2. Kabul Edilebilirlik
Yönünden
22. Anayasa Mahkemesi, başvurucu tarafından yapılan hukuki
nitelendirme ile bağlı olmayıp olay ve olguların hukuki tavsifini kendisi
takdir eder (Tahir Canan, B. No:
2012/969, 18/9/2013, § 16). Başvurucu, adil yargılanma hakkının ihlal edildiği
iddiasının yanında hizmet kusurundan dolayı yaşam hakkı ve sağlıklı ve dengeli
bir çevrede yaşama hakkının da ihlal edildiğini ileri sürmüş ise de yaşam ve
sağlıklı ve dengeli bir çevrede yaşama hakkına yönelik iddiaların açılan
davanın esasının incelenmesi neticesinde çözüme kavuşturulacak nitelikte olması
ve davanın süresinde açılmadığı gerekçesiyle uyuşmazlığın esasının
incelenmemesi nedeniyle başvurunun yalnızca adil yargılanma hakkının
güvenceleri arasında yer alan mahkemeye erişim hakkı yönünden incelenmesi
gerektiği değerlendirilmiştir.
23. Başvuru formu ile eklerinin incelenmesi sonucunda açıkça
dayanaktan yoksun olmadığı ve kabul edilemezliğine karar verilmesini
gerektirecek başka bir neden de bulunmadığı anlaşılan başvurunun kabul
edilebilir olduğuna karar verilmesi gerekir
3. Esas Yönünden
24. Anayasa’nın “Hak arama
hürriyeti” kenar başlıklı 36. maddesinin birinci fıkrası şöyledir:
“Herkes, meşru vasıta ve yollardan faydalanmak
suretiyle yargı mercileri önünde davacı veya davalı olarak iddia ve savunma ile
adil yargılanma hakkına sahiptir.”
25. Anayasa’nın “Temel hak ve
hürriyetlerin korunması” kenar başlıklı 40. maddesi şöyledir:
“Anayasa ile tanınmış hak ve hürriyetleri
ihlal edilen herkes, yetkili makama geciktirilmeden başvurma imkanının
sağlanmasını isteme hakkına sahiptir.
Devlet, işlemlerinde, ilgili kişilerin hangi
kanun yolları ve mercilere başvuracağını ve sürelerini belirtmek zorundadır.

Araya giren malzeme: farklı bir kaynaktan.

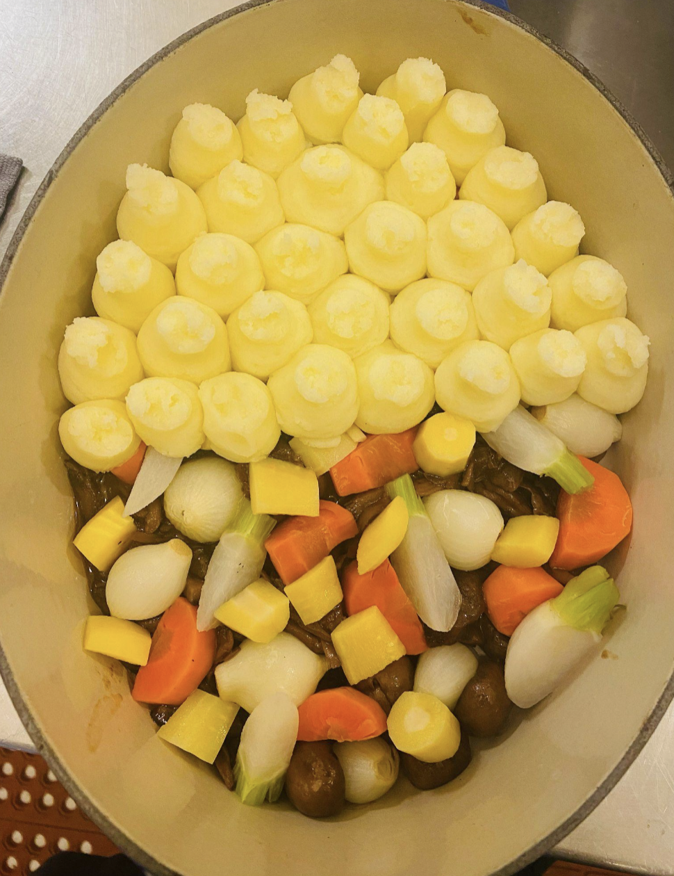 6. Then, place the parsnips, carrots, and turnips, one by one to cover the mushrooms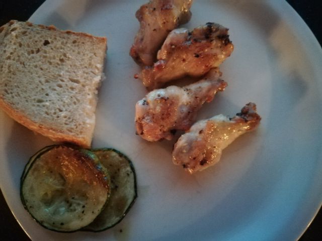 danes pečene perutničke, popečene bučke, kruh in solata iz kumare, paprike, čebule in paradižnika

Kişinin, resmi görevliler tarafından vaki
haksız işlemler sonucu uğradığı zarar da, kanuna göre,
Devletçe tazmin edilir. Devletin sorumlu olan ilgili görevliye rücu hakkı
saklıdır.”
26. Avrupa İnsan Hakları Sözleşmesi'nin (Sözleşme) “Adil yargılanma hakkı” kenar başlıklı 6.
maddesinin ilgili kısmı şöyledir:
“Herkes medeni hak ve yükümlülükleri ile
ilgili uyuşmazlıklar ya da cezai alanda kendisine yöneltilen suçlamalar
konusunda karar verecek olan, kanunla kurulmuş bağımsız ve tarafsız bir mahkeme
tarafından davasının makul bir süre içinde, hakkaniyete uygun ve açık olarak
görülmesini isteme hakkına sahiptir.”
27. Adil yargılanma hakkının en temel unsurlarından biri olan
mahkemeye erişim hakkı, bir uyuşmazlığı mahkeme önüne taşıyabilmek ve
uyuşmazlığın etkili bir şekilde karara bağlanmasını isteyebilmek anlamına
gelmektedir (Özkan Şen, B. No:
2012/791, 7/11/2013, § 52). Avrupa İnsan Hakları Mahkemesi (AİHM) mahkemeye
etkili erişim hakkını hukukun üstünlüğü ilkesinin temel unsurlarından biri
olarak kabul etmekte ve mahkemeye etkili erişim hakkının ve başvuru
yapılabilmesi konusunda tutarlı bir sistemin var olmasını ve dava açmak isteyen
kişilerin mahkemeye ulaşmada açık, pratik ve etkili fırsatlara sahip olmasını
gerektirdiğini ifade etmektedir. Bu sebeple hukuki belirsizliklerin ya da
uygulamadaki belirsizliklerin tarafların mahkemeye erişimine zarar verdiği
durumlarda, bu hakkın ihlâl edildiğine karar verilmektedir (Geffre/Fransa, B. No: 51307/99, 23/1/2003, § 34).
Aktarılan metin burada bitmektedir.